At first no one would answer. She understood it was something mysterious and frightening and looked from face to face.

At last they said, “They say she was poisoned.”

Lee recalled the young woman's dead face; also the pallbearers and the chanting and the women wailing. Then she recalled the flames that had been lit and had crackled and begun to rise above the body; by this time the body would have been mostly consumed. “And the inquest?” Lee asked. “The police?”

She was agitated but her hosts remained calm. They shrugged. “What can be done? It's too late.” They shook their heads in sorrow. It was such a pity. She was young, she had only been married seven months. But her dowry had not been very big; her father had not been as generous to the son-in-law as he might have been.

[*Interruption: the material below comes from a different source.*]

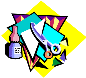
Leave materials on the table until my teacher gives me instructions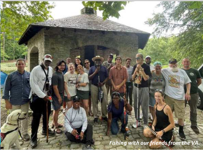
Fishing with our friends from the VA.

Lee asked, “Is that why they poisoned her?”

They said, “Such things happen”; they added, “Who knows what goes on?”

When she left that small town, Lee went to Delhi to stay in a Christian mission run by an English missionary lady called
Miss Charlotte. Lee was very glad to be there. She stayed in a room with whitewashed walls which were bare except for a small icon of Christ on the cross. Another girl shared the room with her; she was called Margaret and was also traveling around India on her own. Meals were included in the price of the room and they had them in the dining room together with Miss Charlotte. There was a very old Christian bearer to serve them and the moment one meal was finished he laid the table for the next. He set out three crockery plates on the oilcloth, turning them upside down so that they wouldn't catch the dust. When it was time for a meal, he rang a gong and Miss Charlotte came bustling in and stood behind her chair and briskly said grace. The old bearer shouted “Amen” the loudest, and when Miss Charlotte and the two girls had sat down and turned their plates the right way up, he went round the table serving them.